▸ The problem
With pictures excluded, copy word for word the lines in the data below from the line containing "Pour la naissance" through the line containing "厚岸(子野日公園 名産牡蠣を含む昼食)".

▸ Entries shown
+ + +
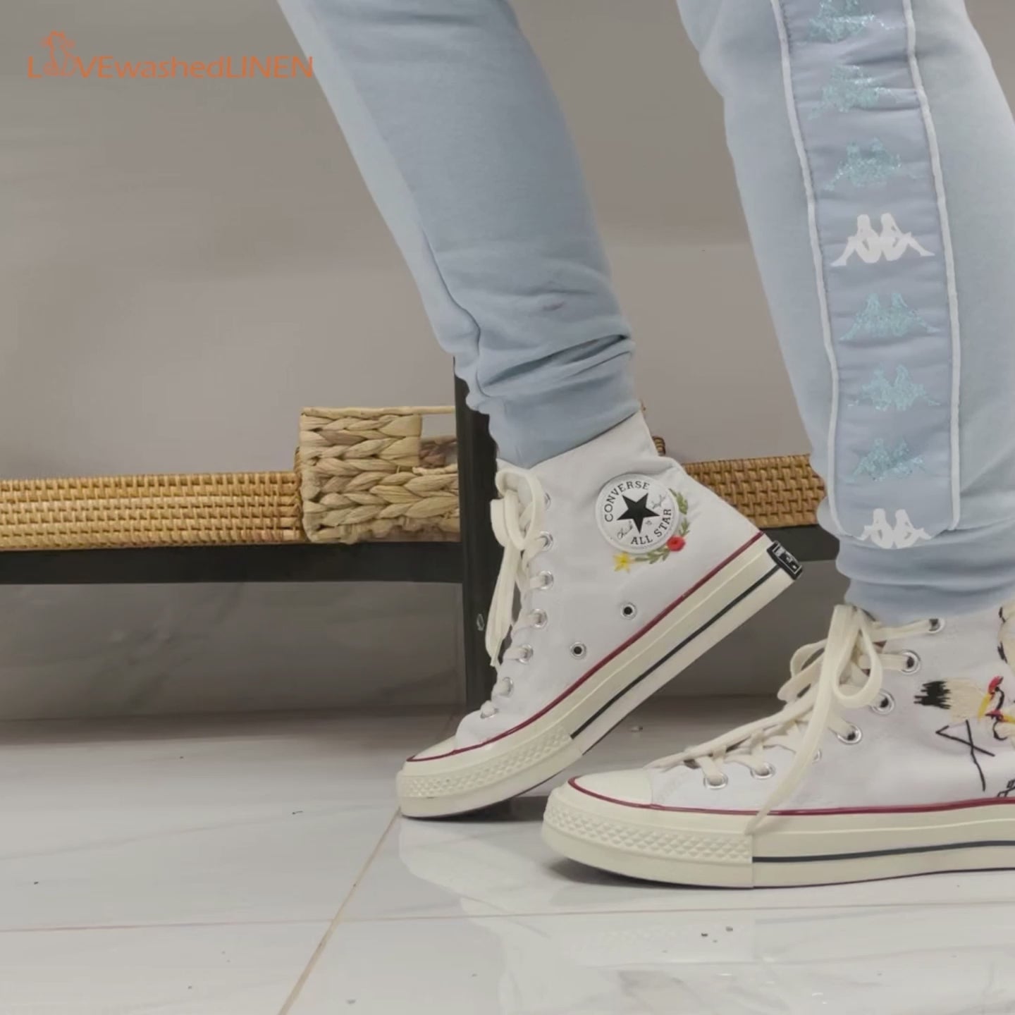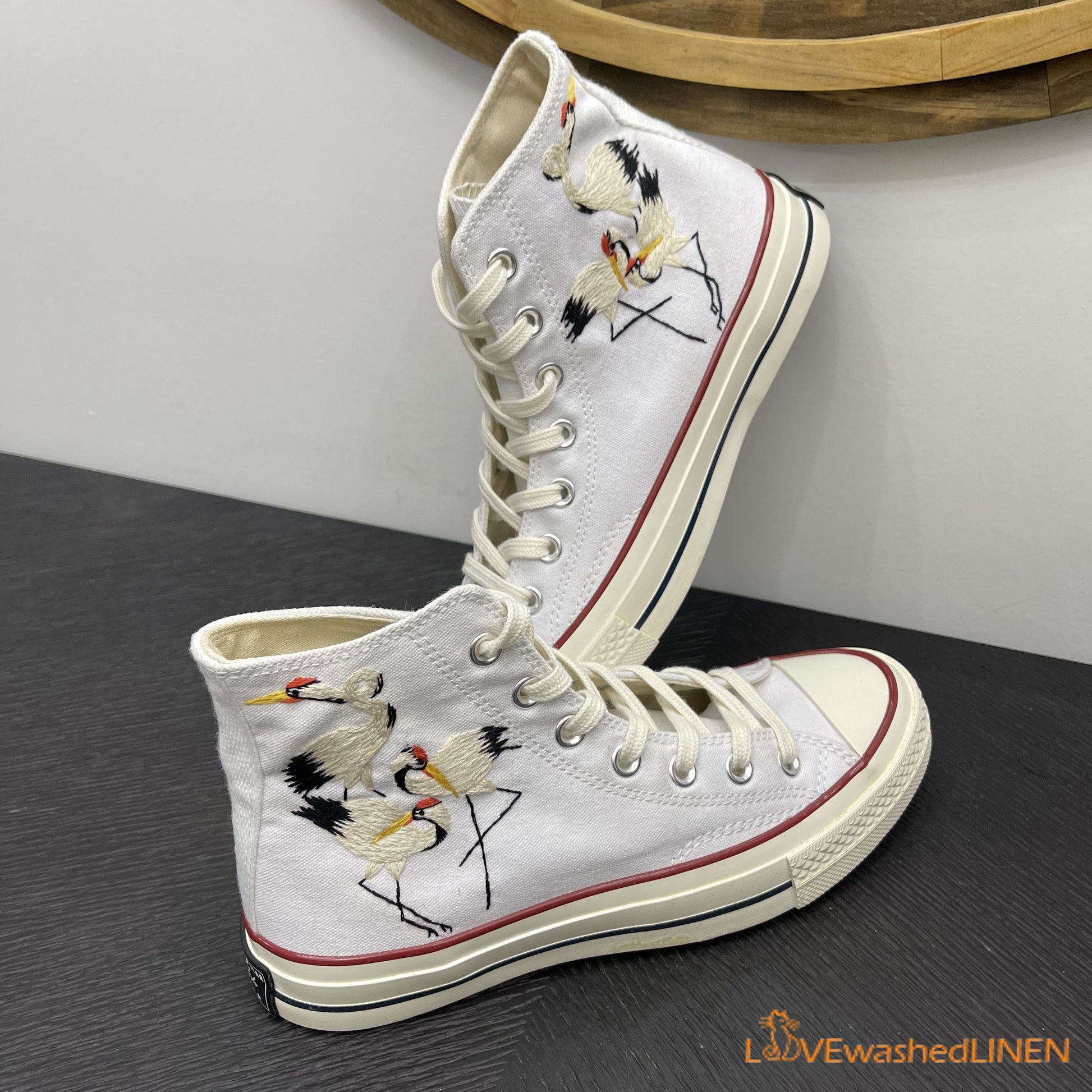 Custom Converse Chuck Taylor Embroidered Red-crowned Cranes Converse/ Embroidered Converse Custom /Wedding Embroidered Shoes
+ + +
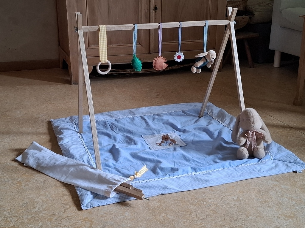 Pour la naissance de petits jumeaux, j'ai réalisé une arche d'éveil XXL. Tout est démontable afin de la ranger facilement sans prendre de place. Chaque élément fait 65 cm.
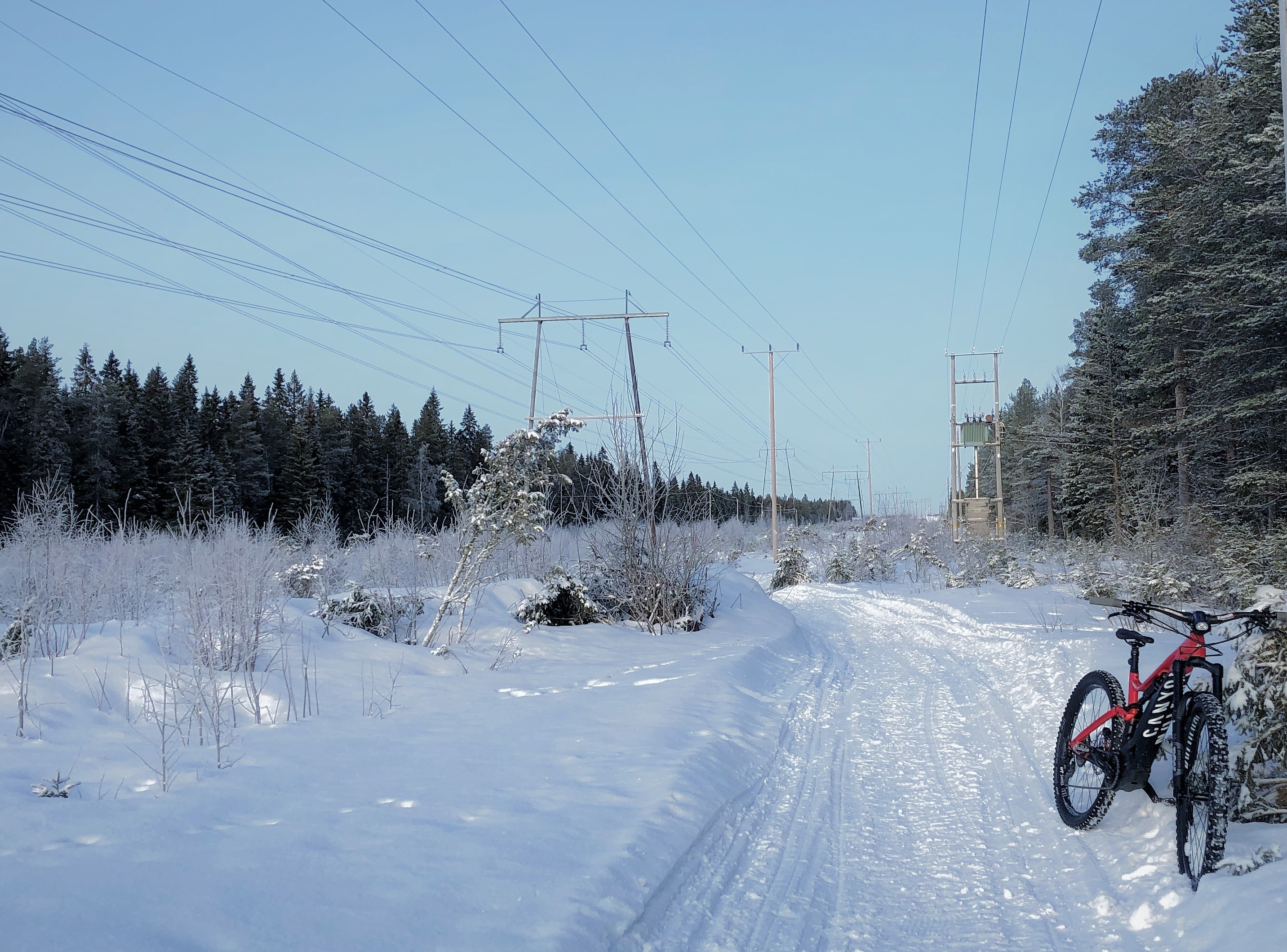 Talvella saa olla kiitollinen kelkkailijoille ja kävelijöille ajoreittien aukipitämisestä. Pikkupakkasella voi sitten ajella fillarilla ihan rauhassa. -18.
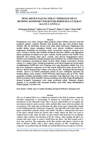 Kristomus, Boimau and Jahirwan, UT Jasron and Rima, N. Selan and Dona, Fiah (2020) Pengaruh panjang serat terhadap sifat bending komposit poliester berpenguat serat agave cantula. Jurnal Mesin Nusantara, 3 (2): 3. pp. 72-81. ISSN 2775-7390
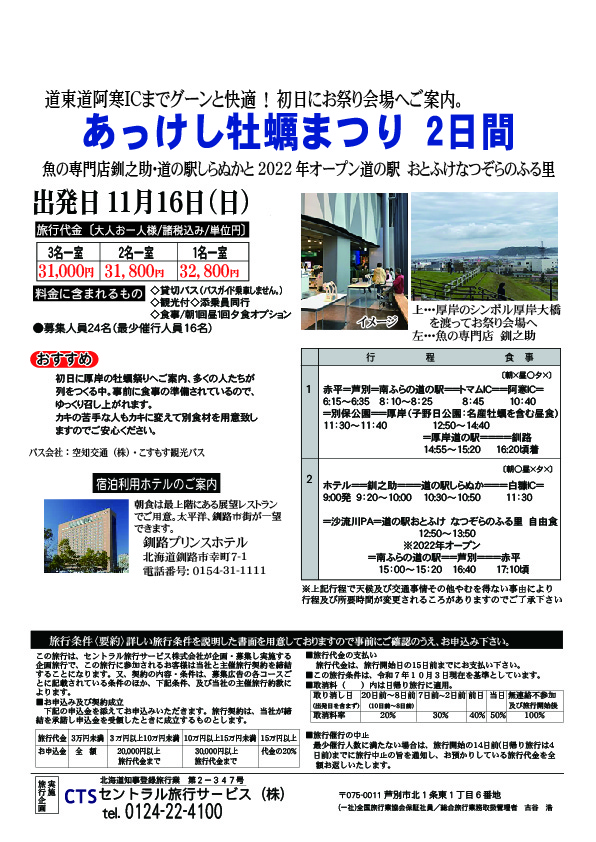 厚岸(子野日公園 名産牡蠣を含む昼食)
+ + +
▸ Reply
 Pour la naissance de petits jumeaux, j'ai réalisé une arche d'éveil XXL. Tout est démontable afin de la ranger facilement sans prendre de place. Chaque élément fait 65 cm.
 Talvella saa olla kiitollinen kelkkailijoille ja kävelijöille ajoreittien aukipitämisestä. Pikkupakkasella voi sitten ajella fillarilla ihan rauhassa. -18.
 Kristomus, Boimau and Jahirwan, UT Jasron and Rima, N. Selan and Dona, Fiah (2020) Pengaruh panjang serat terhadap sifat bending komposit poliester berpenguat serat agave cantula. Jurnal Mesin Nusantara, 3 (2): 3. pp. 72-81. ISSN 2775-7390
 厚岸(子野日公園 名産牡蠣を含む昼食)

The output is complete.